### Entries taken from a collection
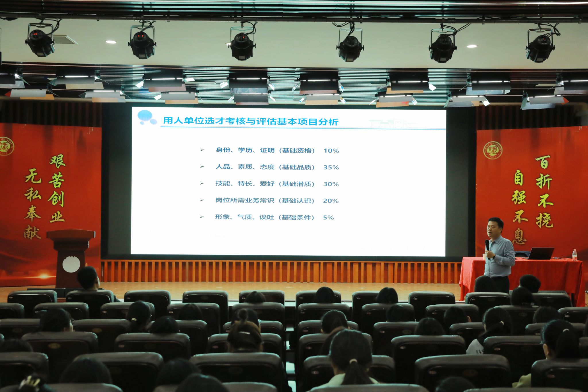 李从国分享了对高校开展就业工作的思考与实践,围绕经济新常态下“就业形势基本研判”、“就业现实问题”和“理性就业的路径及方法”三个方面进行阐述,分析了影响毕业生就业的影响因素和开展就业工作的方式方法。李从国对当前就业形势进行细致入微的剖析,由点到面,由浅到深,从个人的职业规划到国家的整体布局,使同学们对理性就业的认知愈发清晰,对当前就业的形势也有了深刻的认知。讲座内容紧扣当下就业工作实际,既有对就业影响因素的宏观把握,又有对就业趋势的精准分析,使同学们在面对巨大的就业形势下得以树立正确的择业观、就业观,明确自身就业方向、探索适合自己的应对方法。
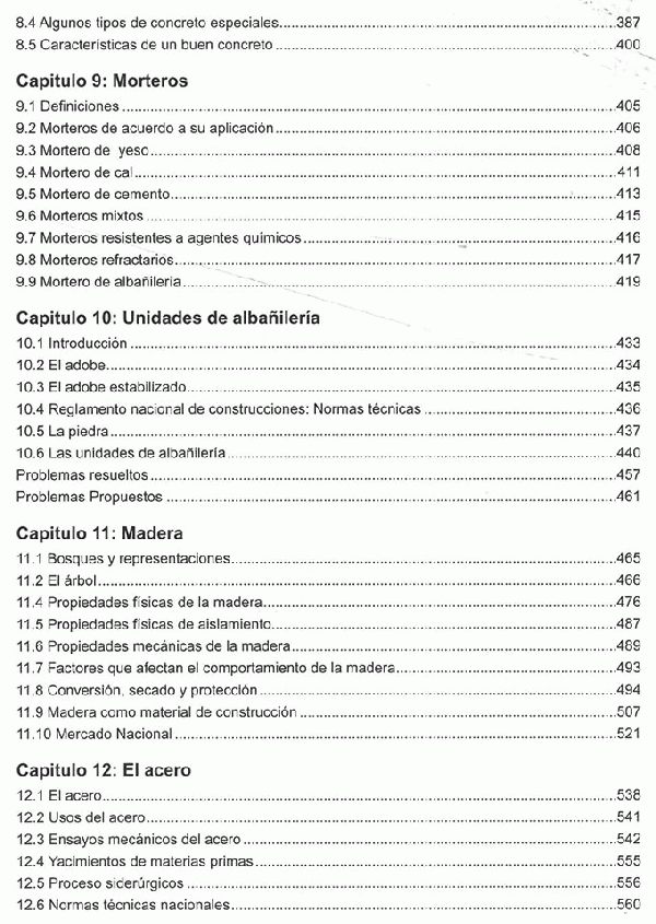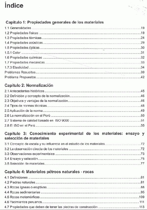 Capítulo 1: Propiedades generales de los materiales -- Capítulo 2: Normalización -- Capítulo 3: Conocimiento experimental de los materiales: ensayo y selección de materiales -- Capítulo 4: Materiales pétreos naturales - rocas -- Capítulo 5: Aglomerantes -- Capítulo 6: Agregados -- Capítulo 7: Agua para concretos y morteros -- Capítulo 8: Concretos -- Capítulo 9: Morteros -- Capítulo 10: Unidades de albañilería -- Capítulo 11: Madera -- Capítulo 12: Acero -- Capítulo 13: Geosintéticos -- Capítulo 14: Plásticos -- Capítulo 15: Pinturas
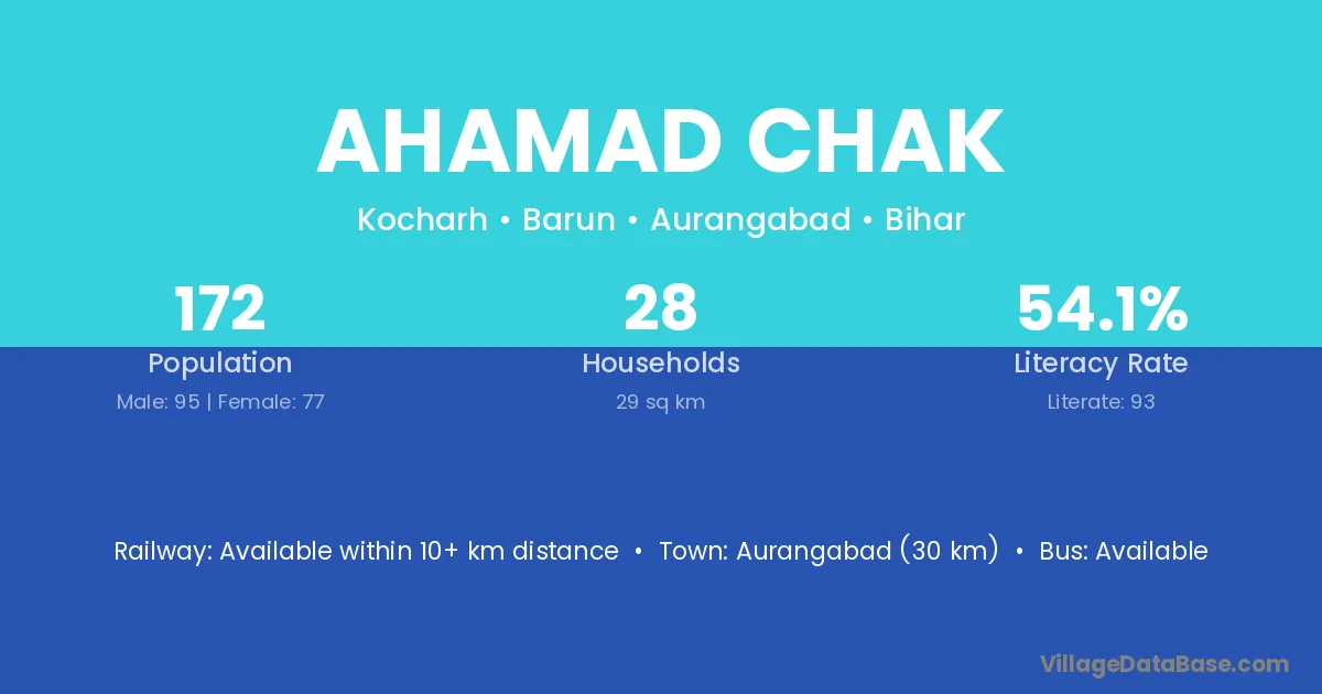 Aurangabad (30 km) is the nearest town to Ahamad Chak village for major economic activities and is located approximately 30 km away.
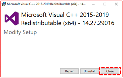 If it is already installed, the following "Microsoft Visual C++ 2015-2019 Redistributable (x64) - …" installation modification screen appears.
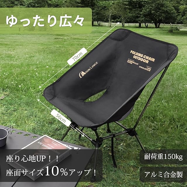 MOON LENCE アウトドア チェア 「ワイド 2WAY高さ調整可能 キャンプ 椅子 アウトドアチェア キャンプチェア 軽量 折りたたみ コンパクト ハイキング 釣り 登山 耐荷重150kg カーキ
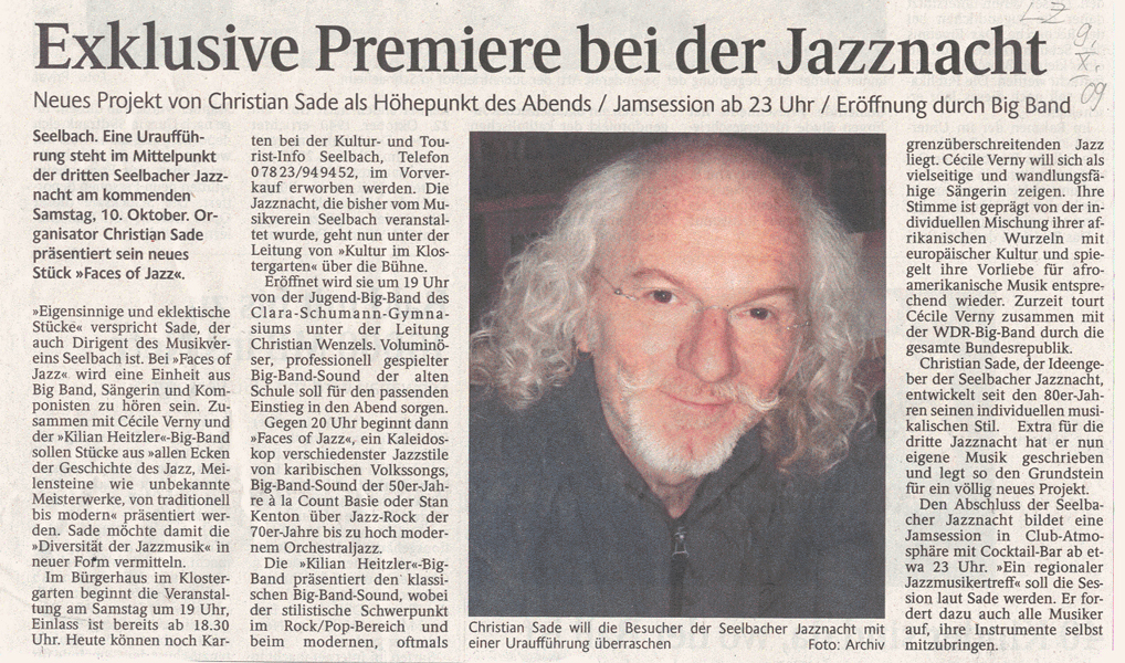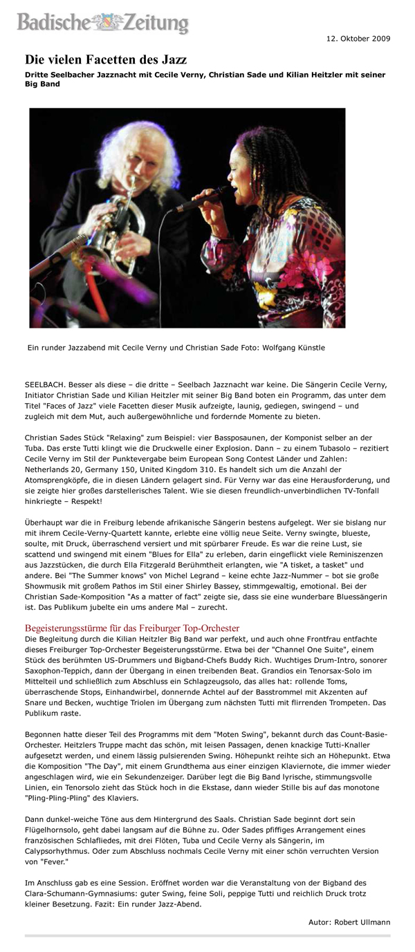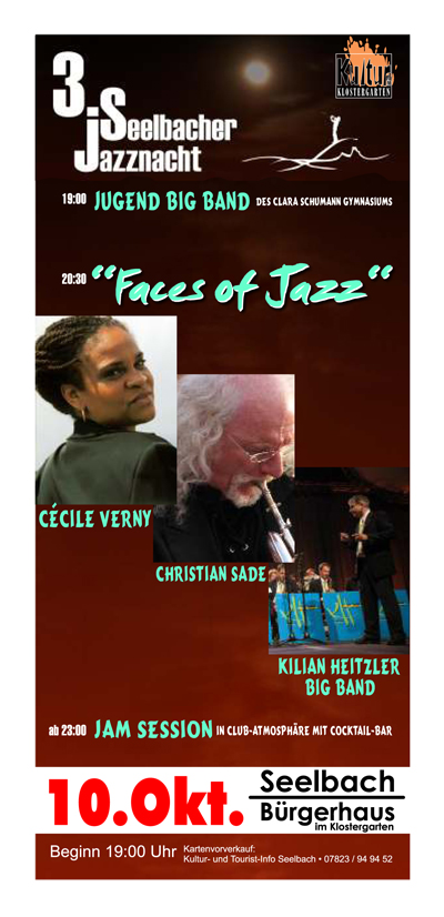 | Im Herbst fand die dritte "Seelbacher Jazznacht" statt. Zentraler Teil dieses Festivals war einen Konzept-Konzert für die Kilian Heitzler Big Band, die Jazz-Sängerin Cécile Verny und einen Flügelhornist-Tubisten (ich selbst). |
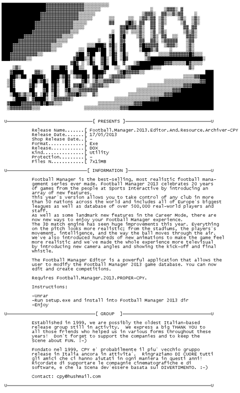 Release Name : Football.Manager.2013.Editor.And.Resource.Archiver-CPY
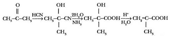 Гомологом акриловой кислоты является 2-метилпропеновая (меакриловая) кислота. Она содержится в виде сложных эфиров в ромашковом масле. В промышленности ее можно получить на основе ацетона циангидринным синтезом:

### EXERCISE DETAILS
Above are records with pictures. Reproduce exactly only the lines from the line with "Capítulo 1: Propiedades" through the line with "Name : Football.Manager.2013.Editor.And.Resource.Archiver-CPY", both ends included, and leave the pictures out.

### TASK RESPONSE
 Capítulo 1: Propiedades generales de los materiales -- Capítulo 2: Normalización -- Capítulo 3: Conocimiento experimental de los materiales: ensayo y selección de materiales -- Capítulo 4: Materiales pétreos naturales - rocas -- Capítulo 5: Aglomerantes -- Capítulo 6: Agregados -- Capítulo 7: Agua para concretos y morteros -- Capítulo 8: Concretos -- Capítulo 9: Morteros -- Capítulo 10: Unidades de albañilería -- Capítulo 11: Madera -- Capítulo 12: Acero -- Capítulo 13: Geosintéticos -- Capítulo 14: Plásticos -- Capítulo 15: Pinturas
 Aurangabad (30 km) is the nearest town to Ahamad Chak village for major economic activities and is located approximately 30 km away.
 If it is already installed, the following "Microsoft Visual C++ 2015-2019 Redistributable (x64) - …" installation modification screen appears.
 MOON LENCE アウトドア チェア 「ワイド 2WAY高さ調整可能 キャンプ 椅子 アウトドアチェア キャンプチェア 軽量 折りたたみ コンパクト ハイキング 釣り 登山 耐荷重150kg カーキ
 | Im Herbst fand die dritte "Seelbacher Jazznacht" statt. Zentraler Teil dieses Festivals war einen Konzept-Konzert für die Kilian Heitzler Big Band, die Jazz-Sängerin Cécile Verny und einen Flügelhornist-Tubisten (ich selbst). |
 Release Name : Football.Manager.2013.Editor.And.Resource.Archiver-CPY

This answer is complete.